━━ Exercise materials ━━

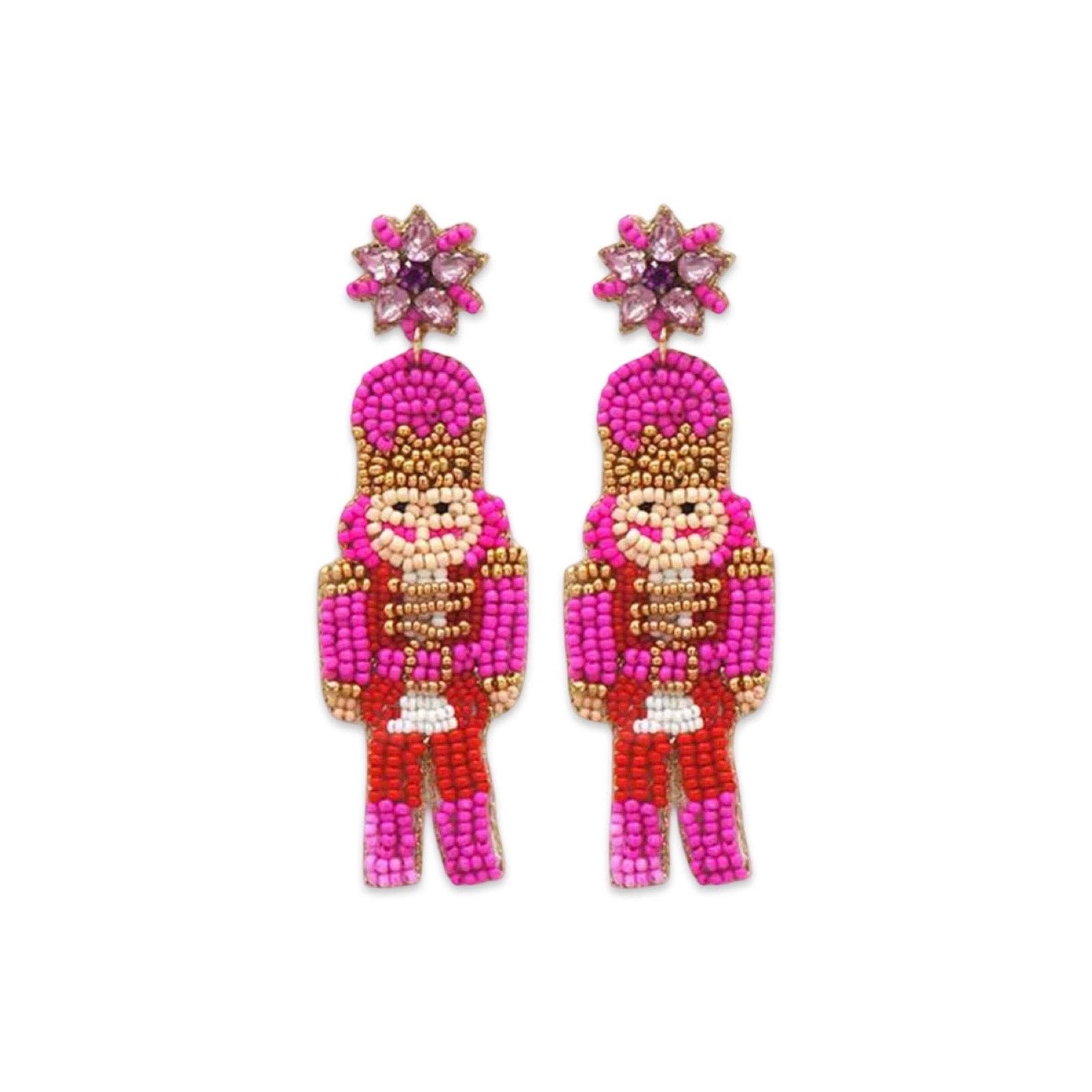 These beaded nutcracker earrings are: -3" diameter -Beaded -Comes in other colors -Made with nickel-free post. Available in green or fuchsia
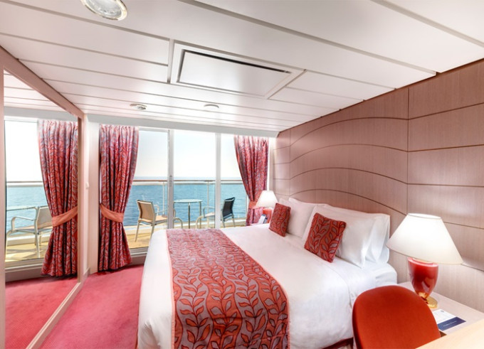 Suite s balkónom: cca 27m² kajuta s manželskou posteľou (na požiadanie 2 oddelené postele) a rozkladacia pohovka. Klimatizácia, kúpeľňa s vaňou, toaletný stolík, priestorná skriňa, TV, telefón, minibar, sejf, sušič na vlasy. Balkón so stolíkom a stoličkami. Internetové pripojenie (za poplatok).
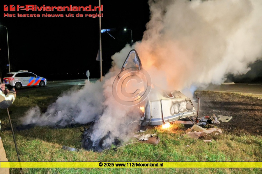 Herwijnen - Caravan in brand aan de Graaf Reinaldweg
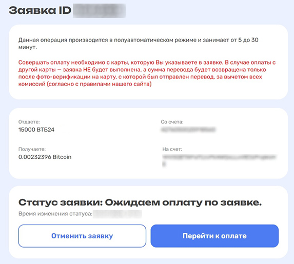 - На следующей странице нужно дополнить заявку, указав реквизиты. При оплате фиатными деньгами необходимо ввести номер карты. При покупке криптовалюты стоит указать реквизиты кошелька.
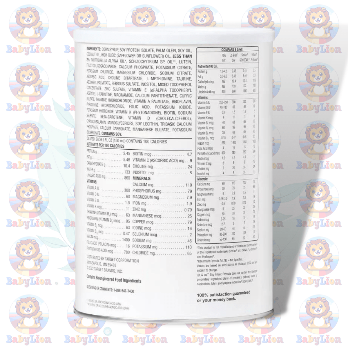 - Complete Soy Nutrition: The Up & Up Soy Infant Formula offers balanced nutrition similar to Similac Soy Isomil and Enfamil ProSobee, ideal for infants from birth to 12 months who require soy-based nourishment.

━━━

## Task goal
An exact copy is needed. It runs from the line above containing "Suite s balkónom: cca" down to the line containing "- На следующей", both included, with no pictures.

## Task answer
 Suite s balkónom: cca 27m² kajuta s manželskou posteľou (na požiadanie 2 oddelené postele) a rozkladacia pohovka. Klimatizácia, kúpeľňa s vaňou, toaletný stolík, priestorná skriňa, TV, telefón, minibar, sejf, sušič na vlasy. Balkón so stolíkom a stoličkami. Internetové pripojenie (za poplatok).
 Herwijnen - Caravan in brand aan de Graaf Reinaldweg
 - На следующей странице нужно дополнить заявку, указав реквизиты. При оплате фиатными деньгами необходимо ввести номер карты. При покупке криптовалюты стоит указать реквизиты кошелька.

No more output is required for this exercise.